» **AVAILABLE RECORDS**
----
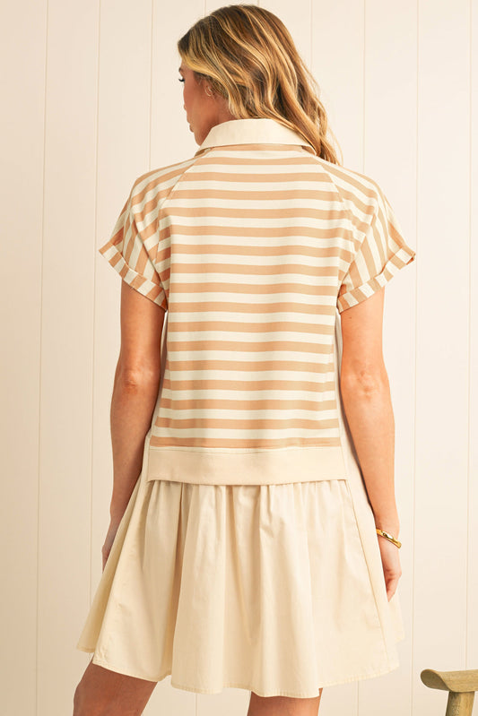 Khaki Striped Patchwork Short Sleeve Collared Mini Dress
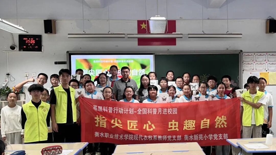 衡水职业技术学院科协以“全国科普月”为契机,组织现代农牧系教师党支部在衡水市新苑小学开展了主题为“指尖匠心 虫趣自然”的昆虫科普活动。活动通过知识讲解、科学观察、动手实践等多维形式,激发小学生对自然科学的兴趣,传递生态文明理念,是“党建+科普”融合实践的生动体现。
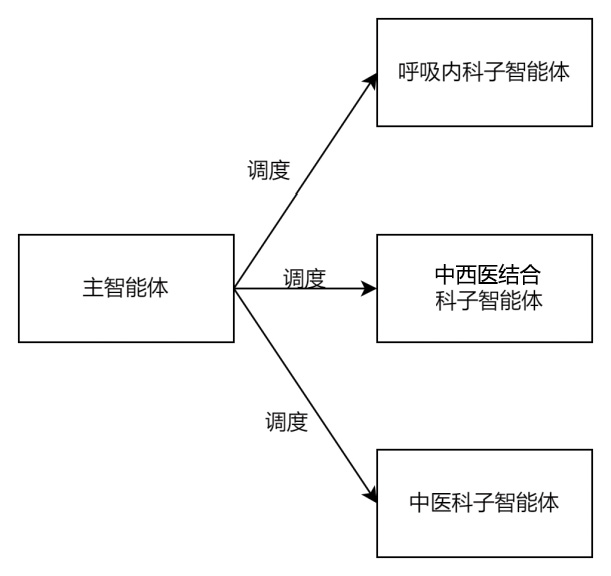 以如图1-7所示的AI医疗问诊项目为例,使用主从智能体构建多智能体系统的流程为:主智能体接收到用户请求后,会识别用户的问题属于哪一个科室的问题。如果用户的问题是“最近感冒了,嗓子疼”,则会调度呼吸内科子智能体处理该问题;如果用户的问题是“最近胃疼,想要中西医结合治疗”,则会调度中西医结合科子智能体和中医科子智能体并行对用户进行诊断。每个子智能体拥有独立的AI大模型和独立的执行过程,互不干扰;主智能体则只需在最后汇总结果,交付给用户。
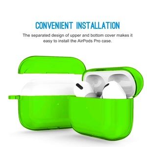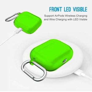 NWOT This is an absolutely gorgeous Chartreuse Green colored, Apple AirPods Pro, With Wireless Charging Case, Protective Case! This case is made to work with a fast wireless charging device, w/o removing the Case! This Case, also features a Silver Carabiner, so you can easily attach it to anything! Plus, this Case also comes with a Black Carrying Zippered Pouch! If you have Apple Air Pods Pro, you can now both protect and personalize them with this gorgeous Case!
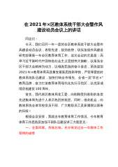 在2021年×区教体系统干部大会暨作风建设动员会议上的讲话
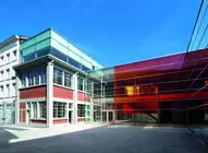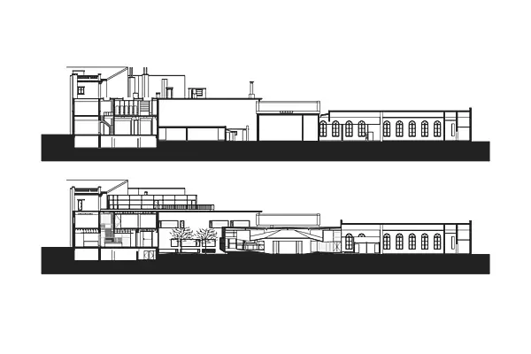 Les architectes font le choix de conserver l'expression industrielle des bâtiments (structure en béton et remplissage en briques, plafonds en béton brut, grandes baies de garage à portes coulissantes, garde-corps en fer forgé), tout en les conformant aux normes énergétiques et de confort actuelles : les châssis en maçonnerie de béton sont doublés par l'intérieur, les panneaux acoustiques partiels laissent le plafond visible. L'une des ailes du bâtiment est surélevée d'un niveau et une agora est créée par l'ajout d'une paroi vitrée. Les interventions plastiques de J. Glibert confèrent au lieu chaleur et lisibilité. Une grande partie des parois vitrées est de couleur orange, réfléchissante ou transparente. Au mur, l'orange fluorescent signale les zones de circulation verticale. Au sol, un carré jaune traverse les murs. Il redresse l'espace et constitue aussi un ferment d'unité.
----
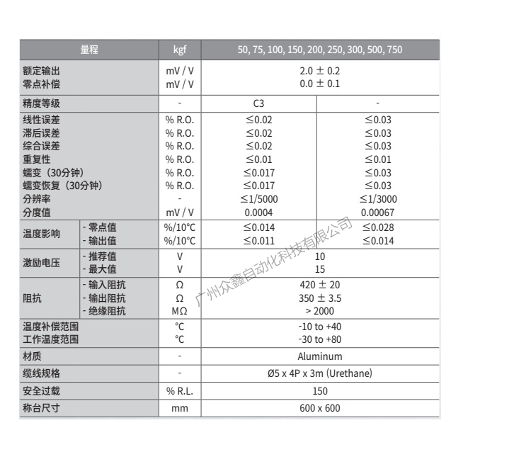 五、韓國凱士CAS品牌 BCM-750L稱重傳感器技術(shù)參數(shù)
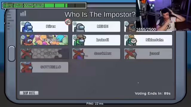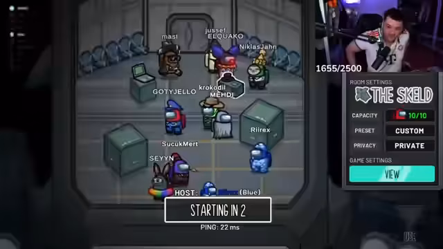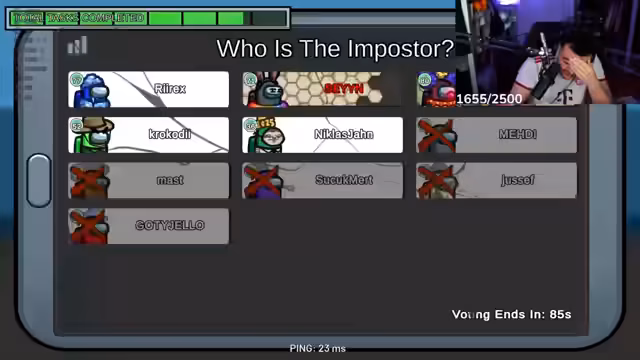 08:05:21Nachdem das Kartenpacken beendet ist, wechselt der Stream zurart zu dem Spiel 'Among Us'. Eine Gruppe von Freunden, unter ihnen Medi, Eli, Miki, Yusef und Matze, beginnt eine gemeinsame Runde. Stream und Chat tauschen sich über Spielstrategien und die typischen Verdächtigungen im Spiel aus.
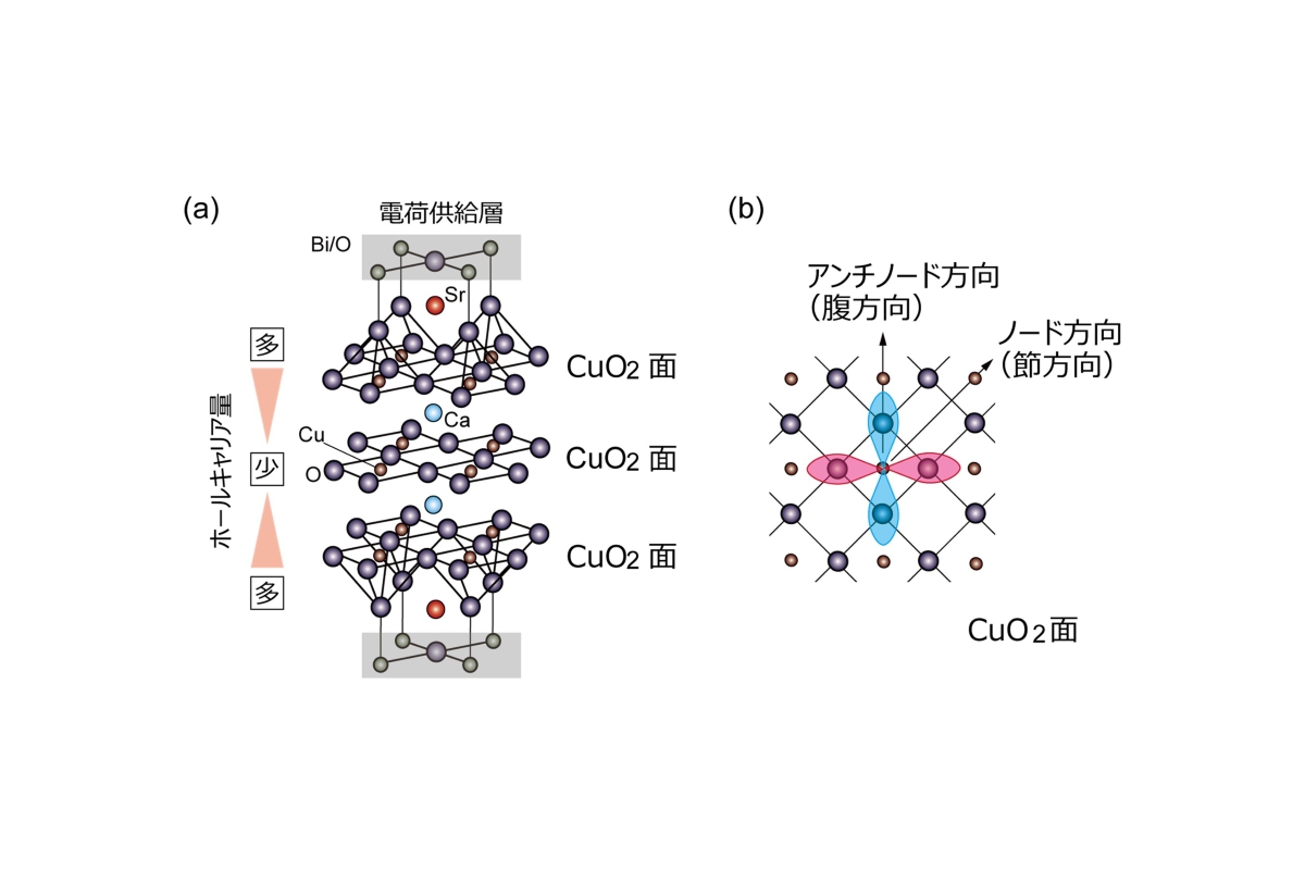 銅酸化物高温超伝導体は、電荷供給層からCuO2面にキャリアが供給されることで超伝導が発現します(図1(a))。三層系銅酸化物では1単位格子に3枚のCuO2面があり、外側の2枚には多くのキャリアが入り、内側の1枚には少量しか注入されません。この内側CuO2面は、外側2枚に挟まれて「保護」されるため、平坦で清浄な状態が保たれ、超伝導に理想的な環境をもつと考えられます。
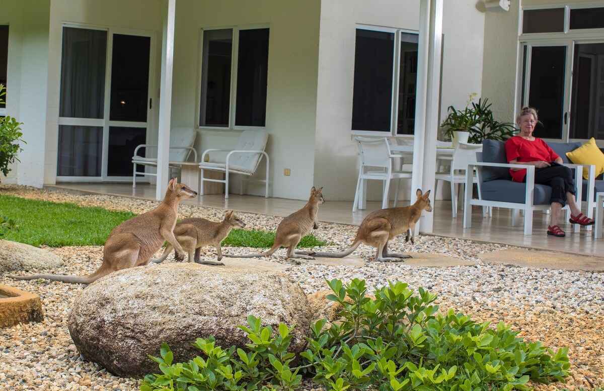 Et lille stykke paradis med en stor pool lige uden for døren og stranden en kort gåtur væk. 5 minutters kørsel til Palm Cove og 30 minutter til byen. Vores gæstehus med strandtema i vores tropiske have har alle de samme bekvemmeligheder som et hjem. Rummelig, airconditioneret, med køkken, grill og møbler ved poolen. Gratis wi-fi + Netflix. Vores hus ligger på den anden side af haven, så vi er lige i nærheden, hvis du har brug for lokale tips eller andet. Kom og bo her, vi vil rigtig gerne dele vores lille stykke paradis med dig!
----
» **TASK**
Only the lines starting at the one that includes "Khaki Striped Patchwork" and ending at the one that includes "以如图1-7所示的AI医疗问" should be retyped, exactly, from the records above; no pictures.

» **REPLY TO THE EXERCISE**
 Khaki Striped Patchwork Short Sleeve Collared Mini Dress
 衡水职业技术学院科协以“全国科普月”为契机,组织现代农牧系教师党支部在衡水市新苑小学开展了主题为“指尖匠心 虫趣自然”的昆虫科普活动。活动通过知识讲解、科学观察、动手实践等多维形式,激发小学生对自然科学的兴趣,传递生态文明理念,是“党建+科普”融合实践的生动体现。
 以如图1-7所示的AI医疗问诊项目为例,使用主从智能体构建多智能体系统的流程为:主智能体接收到用户请求后,会识别用户的问题属于哪一个科室的问题。如果用户的问题是“最近感冒了,嗓子疼”,则会调度呼吸内科子智能体处理该问题;如果用户的问题是“最近胃疼,想要中西医结合治疗”,则会调度中西医结合科子智能体和中医科子智能体并行对用户进行诊断。每个子智能体拥有独立的AI大模型和独立的执行过程,互不干扰;主智能体则只需在最后汇总结果,交付给用户。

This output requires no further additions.